Obama has been continually underestimated, and one of the ways he is underestimated is in thinking that Obama only succeeds because his radical aims are part of some conspiracy. Any plan made by three or more people can be called a conspiracy if it’s not published and proclaimed for all to see, but in that case, all of politics is a battle of conspirators.
Yet, in truth, it is hard to call Obama’s political agenda a conspiracy when it is shared – in all of its radical perversity – by about 25 million citizens of the socialist faith. This is about 20 percent of the active American electorate, and it is a radical viewpoint that now dominates and controls the Democratic Party in most states.
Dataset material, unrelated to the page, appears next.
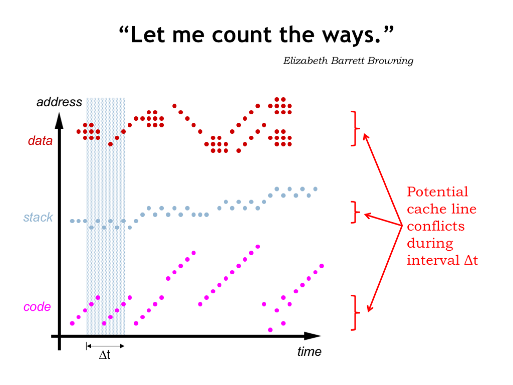 The mapping from addresses to cache lines is designed to avoid conflicts between neighboring locations. So we only need to worry about conflicts between the different regions: code, stack and data. In the examples shown here there are three such regions, maybe 4 if you need two data regions to support copying from one data region to another. If the time interval is particularly large, we might need double that number to avoid conflicts between accesses early in the time interval and accesses late in the time interval.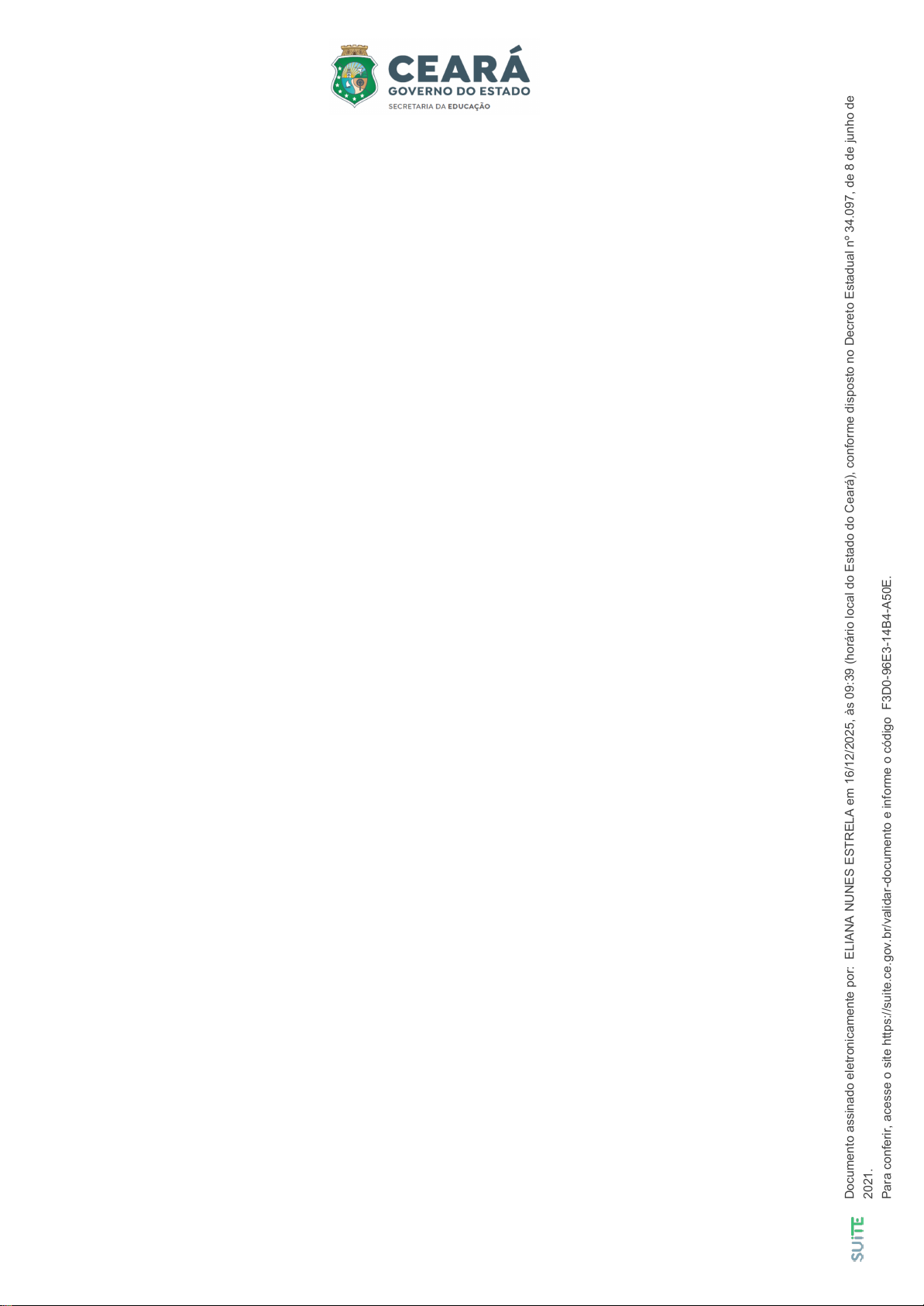 CHAMADA PÚBLICA 2026 SELEÇÃO PARA COMPOSIÇÃO DE BANCO DE BOLSISTAS DO PROGRAMA APRENDIZAGEM NA IDADE CERTA – PAIC Integral A SECRETÁRIA DA EDUCAÇÃO DO ESTADO DO CEARÁ, no uso de suas atribuições, com o objetivo de dar maior transparência aos atos da administração pública, em conformidade com a Lei Nº 14.026, de 17 de dezembro de 2007, e a Lei Nº 15.276, de 28 de dezembro de 2012, que trata de Bolsas de Extensão Tecnológica no âmbito do Programa Aprendizagem na Idade Certa – MAIS PAIC, buscando compor o BANCO DE BOLSISTAS do PAIC Integral nos níveis I, II e III, torna pública a seleção de profissionais para o referido Programa, no Eixo da Gestão Municipal, dos Anos Iniciais (Ciclo de Alfabetização e 3º ao 5º ano) e dos Anos Finais do Ensino Fundamental, conforme a Lei Complementar Nº 297, de 19 de dezembro de 2022, a qual amplia o atendimento do programa às escolas de tempo integral no Estado do Ceará. Dessa forma, o Programa Aprendizagem na Idade Certa – PAIC Integral, objetivando apoiar a universalização do ensino fundamental em tempo integral nas redes públicas do estado do Ceará, tem como intuito realizar ações pedagógicas a partir de formações continuadas de professores e gestores escolares, conforme estabelecido nesta Chamada Pública. Os(As) interessados(as) devem se inscrever para concorrer à Bolsa de Extensão Tecnológica de acordo com a descrição dos perfis detalhados no Anexo I desta Chamada Pública. Os(As) candidatos(as) selecionados(as) farão parte do Banco de Bolsistas do Programa de Aprendizagem na Idade Certa – PAIC Integral, da Secretaria da Educação do Estado do Ceará, e poderão ser convocados(as), conforme a necessidade, a fim de desenvolver e executar as atividades do Programa. 1. OBJETIVOS GERAIS E ESPECÍFICOS DO PROGRAMA PAIC INTEGRAL 1.1. O Programa de Aprendizagem na Idade Certa – PAIC Integral, da Secretaria da Educação do Estado do Ceará, anteriormente chamado de Programa de Alfabetização na Idade Certa – PAIC, validado pela Lei Nº 14.026, de 17 de dezembro de 2007, e ampliado pela Lei Nº 15.921, de 15 de dezembro de 2015, tem por objetivo principal a cooperação entre o Governo do Estado e os 184 (cento e oitenta e quatro) municípios cearenses. O programa estabelece, como finalidade primordial, o apoio técnico, financeiro e pedagógico aos municípios visando ampliar as oportunidades de desenvolvimento da aprendizagem dos alunos do Ensino Fundamental (1º ao 9° ano) e garantindo a qualidade da aprendizagem e a equidade no ensino da rede pública, por meio de um conjunto de ações definidas e organizadas pelo Programa. 1.2. O detalhamento quanto à tipificação e aos valores das Bolsas de Extensão Tecnológica constam no Anexo I desta Chamada Pública, e os(as) interessados(as) podem concorrer apenas a um tipo de Bolsa. 1.3. A Bolsa de Extensão Tecnológica constitui-se em instrumento de apoio à execução do Programa por meio da atuação de profissionais de diversas áreas do conhecimento, com proficiência técnica e/ou científica, com experiências em projetos e ações pedagógicas, visando intercâmbio e aprimoramento do conhecimento utilizado e implementação de D oc um en to a ss in ad o el et ro ni ca m en te p or : E LI A N A N U N E S E S T R E LA e m 1 6/ 12 /2 02 5, à s 09 :3 9 (h or ár io lo ca l d o E st ad o do C ea rá ), c on fo rm e di sp os to n o D ec re to E st ad ua l n º 34 .0 97 , d e 8 de ju nh o de 20 21 . P ar a co nf er ir, a ce ss e o si te h ttp s: //s ui te .c e. go v. br /v al id ar -d oc um en to e in fo rm e o có di go F 3D 0- 96 E 3- 14 B 4- A 50 E . tecnologias educacionais para o desenvolvimento institucional, científico e tecnológico, produção e aprimoramento de materiais instrucionais e realização de formação em serviço das equipes da SEDUC e das Coordenadorias Regionais de Desenvolvimento da Educação – CREDE, além dos técnicos e professores das redes municipais de ensino do Estado do Ceará. 2. DAS CONDIÇÕES DE PARTICIPAÇÃO 2.1. Bolsas de Extensão Tecnológica Níveis I e II – Eixo de Ensino Fundamental I e II: Profissionais do Magistério, com titulação de doutor, mestre ou detentores de amplo conhecimento, conforme Anexo I, nas áreas de Língua Portuguesa, Matemática, Ciências da Natureza, Ciências Humanas e Pedagogia, com proficiência técnica e/ou científica, servidores públicos ou não, com experiência comprovada em contexto escolar ou acadêmico. 2.1.1. Eixos do programa e áreas de atuação Eixo Área de atuação Ciclo de Alfabetização Língua Portuguesa Ciclo de Alfabetização Matemática Anos Iniciais Língua Portuguesa Anos Iniciais Matemática Anos Finais Língua Portuguesa - 6º e 7º ano Anos Finais Matemática - 6º e 7º ano Anos Finais Língua Portuguesa - 8º e 9º ano Anos Finais Matemática - 8º e 9º ano Anos Finais Ciências da Natureza Anos Finais Ciências Humanas 2.2. Bolsas de Extensão Tecnológica Nível III – Eixo de Ensino Fundamental I e II: Profissionais do Magistério, com nível superior, com pós-graduação e/ou detentores de amplo conhecimento, conforme Anexo I, nas áreas de Língua Portuguesa, Matemática, Ciências da Natureza, Ciências Humanas e Pedagogia e/ou áreas afins, com proficiência técnica e/ou científica, servidores públicos ou não, com experiência comprovada em contexto escolar ou acadêmico. D oc um en to a ss in ad o el et ro ni ca m en te p or : E LI A N A N U N E S E S T R E LA e m 1 6/ 12 /2 02 5, à s 09 :3 9 (h or ár io lo ca l d o E st ad o do C ea rá ), c on fo rm e di sp os to n o D ec re to E st ad ua l n º 34 .0 97 , d e 8 de ju nh o de 20 21 . P ar a co nf er ir, a ce ss e o si te h ttp s: //s ui te .c e. go v. br /v al id ar -d oc um en to e in fo rm e o có di go F 3D 0- 96 E 3- 14 B 4- A 50 E . 2.2.1. Eixos do programa e áreas de atuação Eixo Área de atuação Ciclo de Alfabetização Língua Portuguesa Ciclo de Alfabet

It’s not a conspiracy; it’s an open policy agenda. This is the cultural legacy of the 1960s, just as 1950s liberalism of John F. Kennedy and Hubert Humphrey was the cultural legacy of the Great Depression.
The one part of the socialist agenda that almost qualifies as a conspiracy is the sinister desire to wreak as much havoc as possible in the nation’s financial institutions as a way of generating public distrust and cynicism and thus a political opening for more government control of those institutions.
This maniacal strategy was certainly the policy underpinning of the ruinous housing bubble, which owes its origin to the Community Reinvestment Act and related mandates imposed on the banking and home mortgage industries. While most politicians who voted for those “innovations” thought they were being “compassionate” toward low-income families, radicals like Obama understood that such programs were designed to fail: They are designed to bring more government control in the wake of that planned failure.
The current debate over the debt ceiling is in realty a debate over whether we as a nation can continue down the path of socialist economic boondoggles funded by never-ending deficit spending. In the socialist dream world where Obama lives, there is no day of reckoning when, as Margaret Thatcher explained, “you eventually run out of other people’s money.”
Only by turning off that magic spigot, the “unlimited debt limit,” can the socialists’ bluff be called. That is why the debt-ceiling debate signals a critical tipping point for America.
Obama’s radicalism lies not in a blindness to the danger of driving over the cliff of economic catastrophe. His radicalism lies in welcoming that catastrophe.